-- Exercise instructions --
Below are some records. Return exactly the lines from the one containing "- 【 黒桟革 】 長財布" through the one containing "ちなみに入り口のところの、キ", both included, and only those.

-- Input data --
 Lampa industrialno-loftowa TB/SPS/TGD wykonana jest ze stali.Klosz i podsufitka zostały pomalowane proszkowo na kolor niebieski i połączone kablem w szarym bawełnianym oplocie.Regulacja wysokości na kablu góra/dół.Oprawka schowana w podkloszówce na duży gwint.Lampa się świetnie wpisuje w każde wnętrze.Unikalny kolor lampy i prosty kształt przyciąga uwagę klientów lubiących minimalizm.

* * *

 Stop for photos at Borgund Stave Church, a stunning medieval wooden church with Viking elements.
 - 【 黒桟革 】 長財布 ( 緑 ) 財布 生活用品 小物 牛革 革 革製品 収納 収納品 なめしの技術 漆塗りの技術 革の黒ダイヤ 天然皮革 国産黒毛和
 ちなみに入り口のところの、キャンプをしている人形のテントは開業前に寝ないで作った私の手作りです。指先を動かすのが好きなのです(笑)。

==

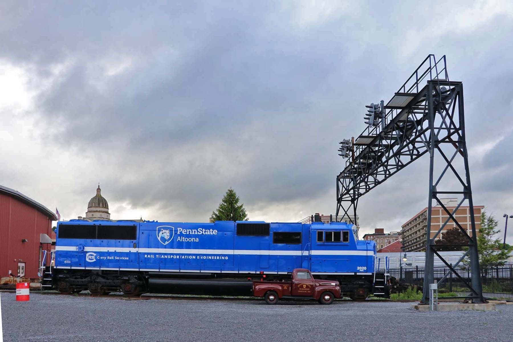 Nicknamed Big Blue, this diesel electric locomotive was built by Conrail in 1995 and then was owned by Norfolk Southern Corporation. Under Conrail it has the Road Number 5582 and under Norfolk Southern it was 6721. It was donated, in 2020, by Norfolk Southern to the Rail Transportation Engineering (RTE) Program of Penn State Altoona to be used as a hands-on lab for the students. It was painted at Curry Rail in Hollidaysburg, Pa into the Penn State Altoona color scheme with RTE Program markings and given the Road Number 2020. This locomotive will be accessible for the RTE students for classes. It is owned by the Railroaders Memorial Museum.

-- Exercise result --
 - 【 黒桟革 】 長財布 ( 緑 ) 財布 生活用品 小物 牛革 革 革製品 収納 収納品 なめしの技術 漆塗りの技術 革の黒ダイヤ 天然皮革 国産黒毛和
 ちなみに入り口のところの、キャンプをしている人形のテントは開業前に寝ないで作った私の手作りです。指先を動かすのが好きなのです(笑)。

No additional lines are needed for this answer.